Silver Price Daily Outlook: Will Symmetrical Triangle Squeezes Force Silver Under $72?
Silver (XAG/USD) is seeing a high-velocity volatility squeeze on this Wednesday, trading at $73.08 and dropping in an intraday...
Quick overview
- Silver (XAG/USD) is experiencing a volatility squeeze, currently trading at $73.08 with a 0.76% intraday drop.
- A symmetrical triangle pattern indicates a potential breakout to the upside, driven by a conflict between physical buyers and paper-sellers.
- The US job market's strength is contributing to a hawkish Fed stance, impacting silver prices amid a significant structural shortage of 46.3 million ounces.
- Traders are advised to prepare for a breakout strategy, with key resistance at $75.11 and support at $73.08.
Silver (XAG/USD) is seeing a high-velocity volatility squeeze on this Wednesday, trading at $73.08 and dropping in an intraday distribution sweep of 0.76%. The dual-purpose metal is in a tight range contraction on the two-hour time frame and has now peaked structural compression as a high-hot US labor macro data matrix has collided with huge multi-year, green industrial supply deficits.
Key Drivers today include:
- The Symmetrical Triangle Crunch: Intraday prices have been squeezed into the final apex of a larger multi-week symmetrical triangle pattern. The final range coils represent the climax of conflict between longer-term physical buyers and shorter-term paper-sellers. A breakout wave to move higher is a high-probability event for silver in the next few sessions.
- High Job Openings Lead to Hawkish Fed: Silver’s rapid velocity was derailed with a larger-than-expected jump in US job openings. According to the latest US JOLTS report, openings rose to the highest level in two years. The hot job number alongside a smaller-than-expected number of US layoffs further supports a tighter and more restrictive hawkish Fed policy under Federal Reserve Board Chair Kevin Warsh. It is the reason the US Dollar index has crossed above the 99.2 mark.
- A 46.3M Oz Structural Shortage: The long-term fundamental base for the white metal remains as tight as ever. The updated World Silver survey from the Silver Institute and Metals Focus confirms that 2026 will be the sixth consecutive year of an annual silver deficit in the global silver market. The supply deficit will rise to 46.3 million ounces this year, leading to heavier use of above-ground stockpiles to meet demand from the increasingly robust solar PV and AI data center manufacturing industries.
- US Iran Middle East Ceasefire Delayed: Although the US Iran ceasefire deal in the Middle East has been in place for nine weeks, a recent flare-up around Qeshm Island has added more friction to the energy complex. WTI crude oil has been pulled back up to a price closer to the $95 per barrel level, adding some more inflation fears and helping to strengthen the greenback.
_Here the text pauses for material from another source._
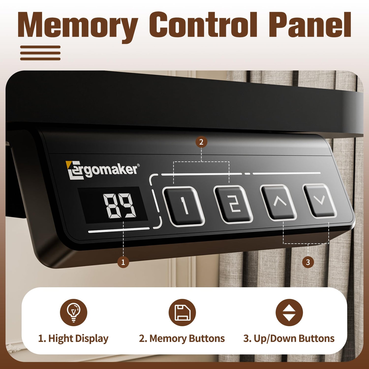 ERGOMAKER 35" Electric Standing Desk, Height Adjustable, Sit Stand Up Desk for Home Office & Computer Workstations, Memory Controller, Black

Technical analysis on the 2-hour chart for XAG/USD
The 2-hour time frame is showing an excellent, high compression symmetrical triangle consolidation pattern (points A-B-C-D). Silver’s range has now been narrowed to its maximum after the latest rebound rejection by the upper red descending trendline of $75.11. Current silver prices are currently pinning against the lower green ascending support trendline of $73.08. Sellers are now using flat overhead moving averages and stacked blue levels to drive more distribution.

However, buyers have already jumped in with long lower wicks on several recent candles, buying off the $73.47 to $74.10 horizontal support levels. The 14-period RSI is currently stuck in a neutral 45 to 51 zone and momentum is still completely flat, as the internal metrics in the silver market have fully reset in preparation for a $3 to $5+ upside breakout expansion wave to the upside.
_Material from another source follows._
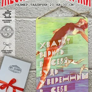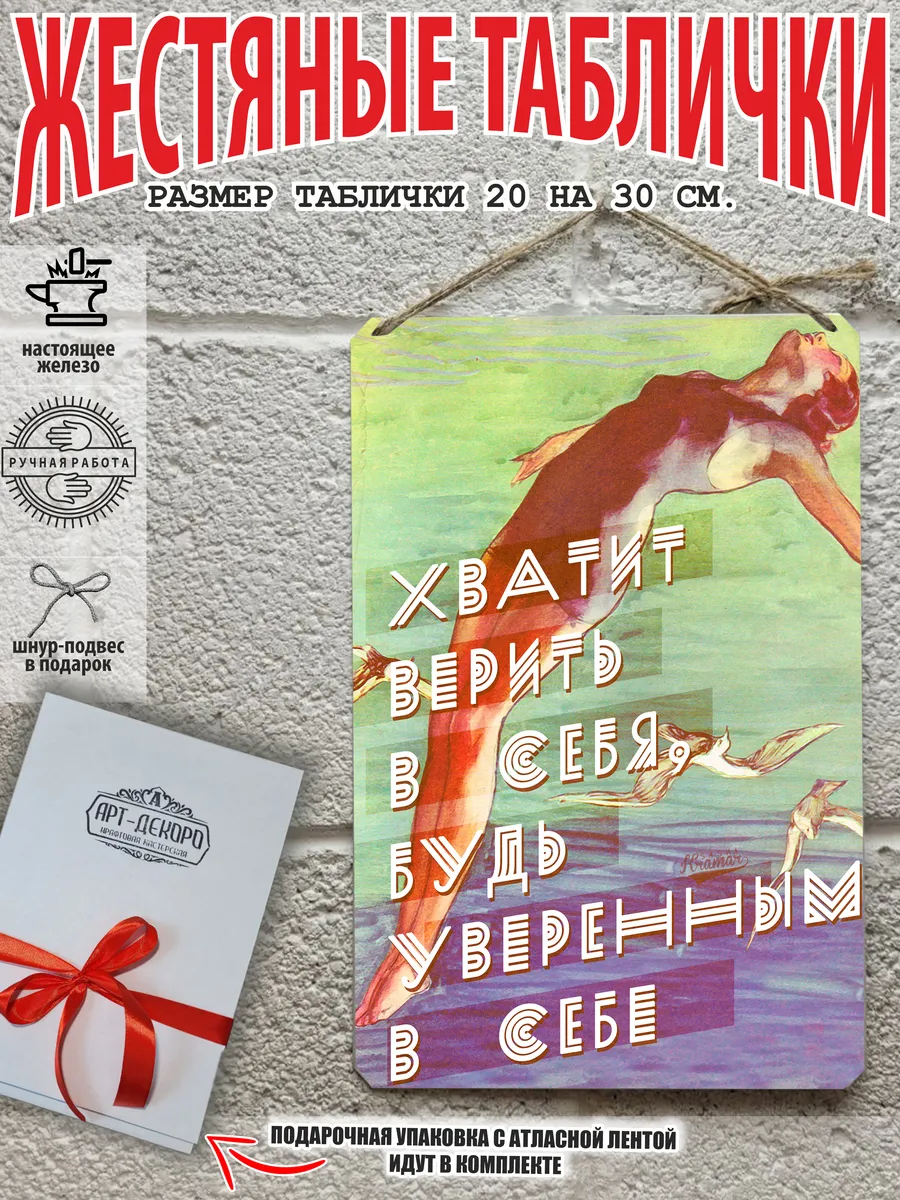 Обратите внимание! У нас все таблички идут сериями, можно создать отличную композицию в одном стиле. Кроме того, таблички это стильный и недорогой подарок по любому поводу. Прикольные штуки железная табличка картинки мотиваторы позитивные и демотиваторы из 100% металла от нашего бренда будет прекрасным украшением для квартиры, дома, офиса, бара или кафе. Мотивация это прикол, часть нашей жизни, картина мотиватор всегда улучшает настроение. Сочетая в себе эстетику и прочность, декоративная металлические мотивационные карточки являются непременным элементом декора как для внутренних помещений, так и для уличных зон. Выберите из нашего широкого ассортимента аксессуар, который подойдет именно вам. Жестяная табличка Арт-Декоро крепится на саморезы, шурупы или на специальный шнур из натурального джута который идет в комплекте с каждым заказом как бесплатный подарок, что позволяет разнообразить способы использования. Плакаты с приколами можно повесить на стену в гостиной, спальне, кухне или на улице, чтобы создать атмосферу, которая отражает индивидуальность. Таблички можно мыть, они не выцветают долгие годы. Картина открытки постер плакат стикеры наклейки приколы мотивация все это сочетается в наших изделиях. Мы гордимся тем, что каждое изделие изготовлено из настоящего металла, краска наносится прямо на железо. Это гарантирует ее долговечность и надежность. Красивая и изысканная отделка обеспечивает эффектный внешний вид и придает обстановке особое очарование. Подарите возможность добавить изюминку в интерьер и превратите пространство в уникальное, а также уютное место, которое будет отличаться от всех остальных. В нашем магазине Вы найдёте большой выбор декора интерьера и создадите превосходную обстановку.

- Resistance levels at $74.10, $75.11 (symmetrical triangle ceiling) and a large upside target shelf of $76.57 to $77.02.
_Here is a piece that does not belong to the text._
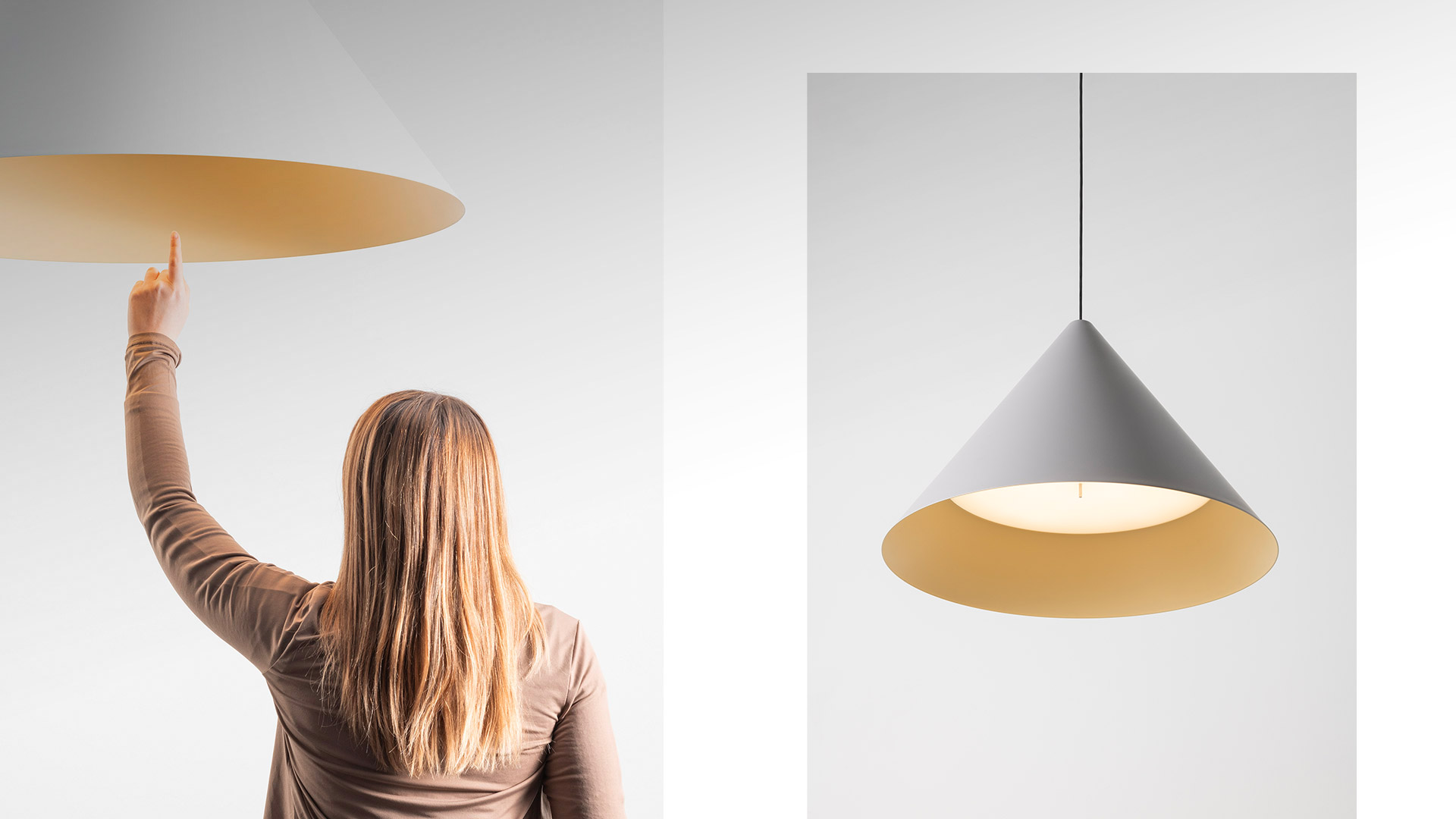 Vea suspension features a simple conical form that enhances its perceptual richness. The recessed diffuser houses a slender metal cylinder at its centre, allowing direct adjustment of the light intensity.

- Support levels at $73.08 (current ascending trendline floor), $72.50 and breakdown target of the triangle at $71.76.
Trade setup
As the range is now reaching its last limits, an actionable silver breakout strategy to buy is now on standby.
- Buy stop order above the 2-hour candle close of $75.11.
- Take profits at $76.57 (T1) and $77.02 (T2).
- Set stop loss right below the current flat horizontal support base at $73.47.
Conclusion
In our short-term silver trading forecast, we see an explosive silver market setup and pattern that’s ready to trigger in the immediate future. Silver is coiling in a final wedge triangle pattern that’s about to move on an expansion wave. While the surging U.S. labor reports provide near-term momentum to macro dollar bulls, silver’s green transition consumption demands and dropping stocks in vaults will likely create a strong physical floor under prices. Watch closely for higher volume on a breakout above the trendlines and avoid being in the middle of the range noise until a decisive daily closing candle prints outside the triangle boundaries.